Routing Attacks in Ethereum PoS: A Systematic Exploration

TL;DR

This paper explores routing-based vulnerabilities in Ethereum's PoS system, demonstrating practical attacks that can cause financial losses or increase gains, highlighting the need for improved security measures.

Contribution

It introduces a novel framework for inferring validator distribution and presents two effective network-level attacks exploiting routing vulnerabilities in Ethereum PoS.

Findings

StakeBleed can cause 300 ETH losses in 2 hours with 30 IP prefixes.

KnockBlock can increase MEV gains by 44.5% with less than 2 minutes hijacking.

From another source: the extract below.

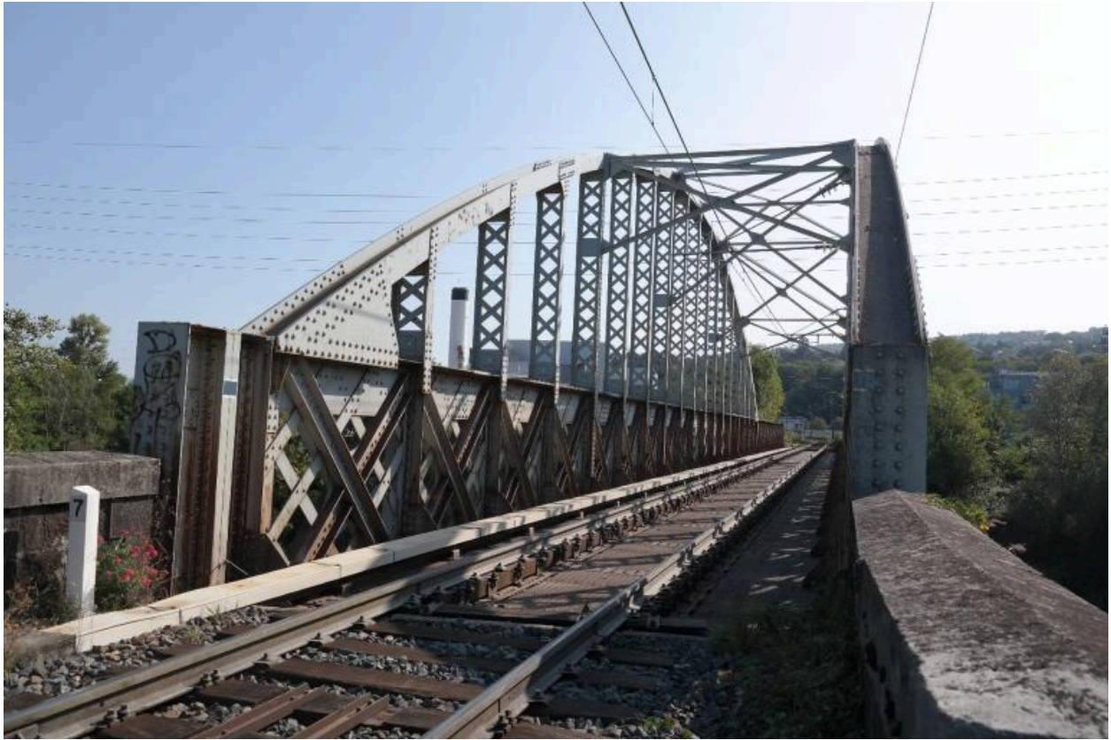
Pont ferroviaire de Vongy, vue du tablier et des garde-corps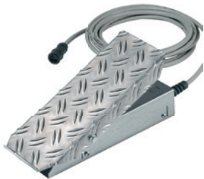
Fig. : Commande au pied

Both attacks are practical and highlight critical security gaps.

Abstract

With the promise of greater decentralization and sustainability, Ethereum transitioned from a Proof-of-Work (PoW) to a Proof-of-Stake (PoS) consensus mechanism. The new consensus protocol introduces novel vulnerabilities that warrant further investigation. The goal of this paper is to investigate the security of Ethereum's PoS system from an Internet routing perspective. To this end, this paper makes two contributions: First, we devise a novel framework for inferring the distribution of validators on the Internet without disturbing the real network. Second, we introduce a class of network-level attacks on Ethereum's PoS system that jointly exploit Internet routing vulnerabilities with the protocol's reward and penalty mechanisms. We describe two representative attacks: StakeBleed, where the attacker triggers an inactivity leak, halting block finality and causing financial losses for all validators; and KnockBlock, where the attacker increases her expected MEV gains by preventing targeted blocks from being included in the chain. We find that both attacks are practical and effective. An attacker executing StakeBleed can inflict losses of almost 300 ETH in just 2 hours by hijacking as few as 30 IP prefixes. An attacker implementing KnockBlock could increase their MEV expected gains by 44.5% while hijacking a single prefix for less than 2 minutes. Our paper serves as a call to action for validators to reinforce their Internet routing infrastructure and for the Ethereum P2P protocol to implement stronger mechanisms to conceal validator locations.